На главную

"Ясноглазый ангел"

Автор: Marie Suzette Рейтинг: Джен Персонажи: Петр, Корделия Перевод: Жоржетта Взято с http://www.fanfiction.net/s/4652986/1/Bright_Eyed_Angel
 Если вам понравилось, пожалуйста, оставьте отзыв - порадуйте автора.

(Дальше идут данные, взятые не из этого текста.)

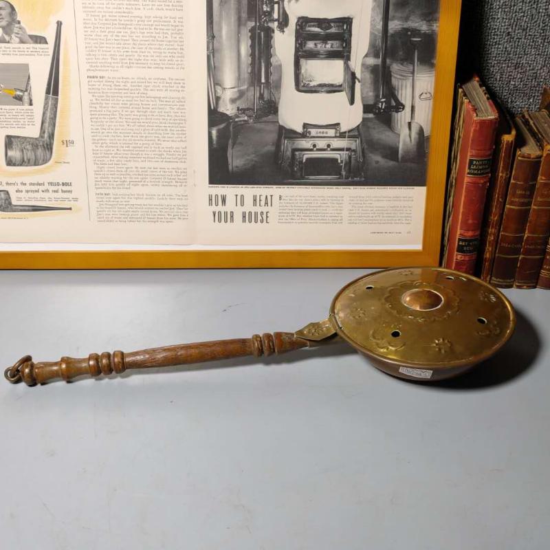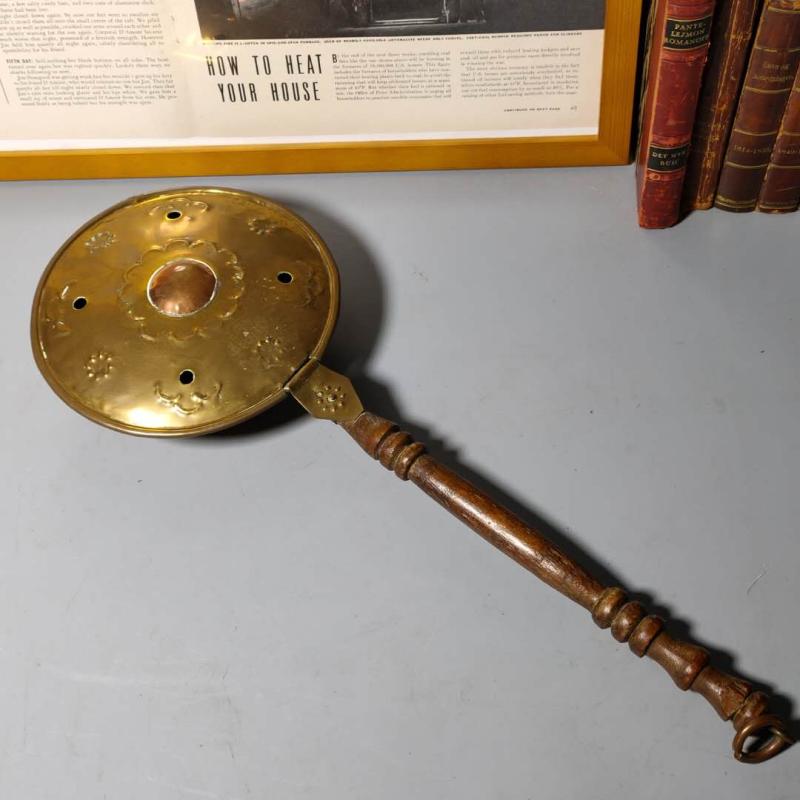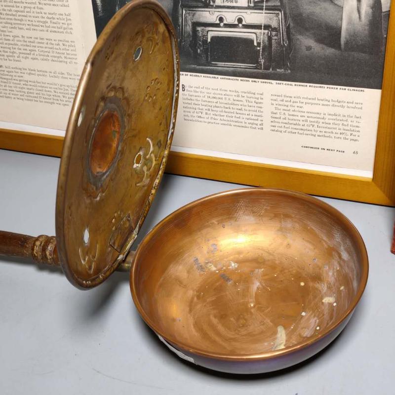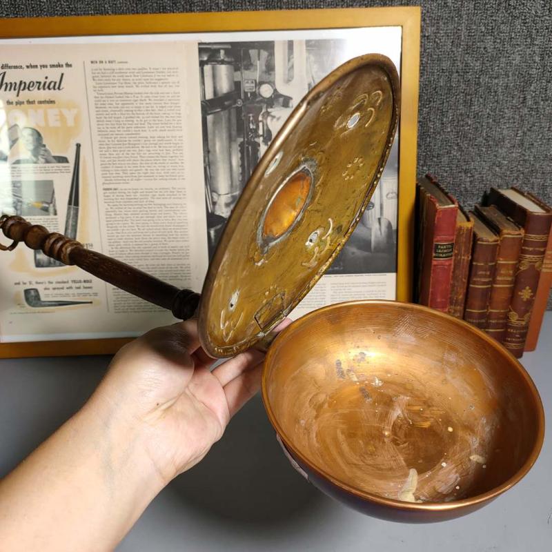 19th-century Western antique bronze small with lid copper pan pizza pancake pan with wooden handle old objects

Эйрел возвращается с Эскобара, и сперва Петр ничего не понимает. Не понимает, почему его сын принял эту войну ближе к сердцу, чем любую другую - ведь принцу он даже не симпатизировал. Не понимает, почему сын подал в отставку, и что это навсегда. Не понимает, что на сей раз нравоучения, вопли и брань бесполезны. Не понимает до того самого момента, когда через два дня к ним прибывает императорский курьер, а мающийся похмельем Эйрел посылает того к черту и захлопывает дверь перед его носом.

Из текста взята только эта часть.